# Skaven Skin Tone: Looking for Alternatives to Tallarn Flesh



## Words_of_Truth (Sep 20, 2007)

I did a search for this and it came up Tallarn flesh but it also came up that that colour is no longer available and the replacement Cadian fleshtone isn't right, so does anyone have any suggestions as to change of colour or corrections to what I've read?


----------



## Words_of_Truth (Sep 20, 2007)

No thoughts?

I was reading these tutorials and wanted to replicate them.

http://chatteringhorde.blogspot.co.uk/2011/04/how-to-paint-skaven-clanrats-island-of.html

http://www.beastsofwar.com/groups/skaven/forum/topic/skaven-painting-thread/


----------



## Dave T Hobbit (Dec 3, 2009)

Are you trying to match existing models? If not, why isn't Cadian Fleshtone right? If you can give some idea of why it might help work out alternatives.


----------



## Words_of_Truth (Sep 20, 2007)

I'm getting the Isle of Blood set and I want to paint them like a lot of other skaven.
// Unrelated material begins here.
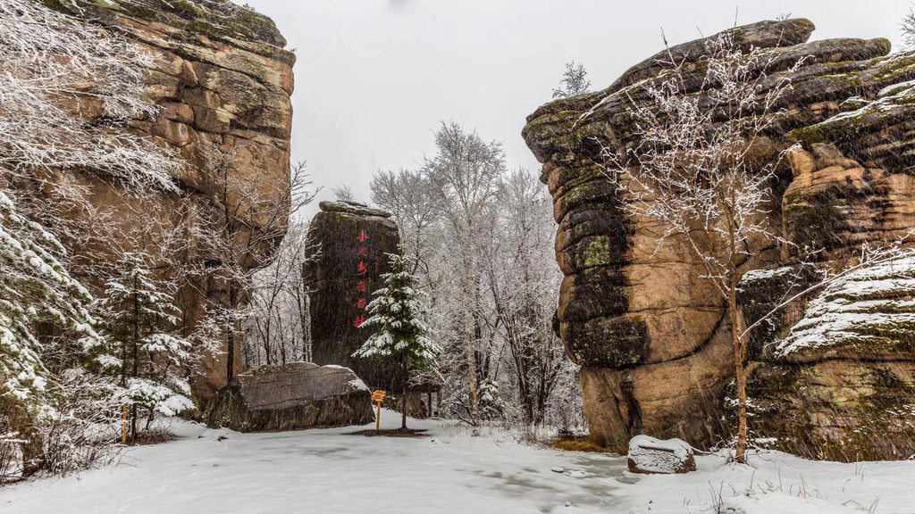 且石在林中,林在石上,石在雪中,雪在石上,气势磅礴,景色怡人,是中国罕见的地质奇观。冬季被大雪覆盖后,一个个晶莹剔透的雪蘑菇分外妖娆。

I went to the store today and he said ratskin flesh should be ok with an ogryn flesh wash over it, so I've got that instead. I only wanted to know since every guide I came upon said Tallarn Flesh was the way to go with them, so I wasn't sure.


----------



## Diatribe1974 (Jul 15, 2010)

You might want to take the Cadian Fleshtone & mix a lighter shade into it to get the old Tallarn Fleshtone. Perhaps like a 5:1 Cadian:Skull White where it's just enough to do it?


----------



## Hesky (Aug 26, 2009)

Try the Vallejo Game Colour "Heavy Skintone" its very similar and will save you the trouble of mixing ...


----------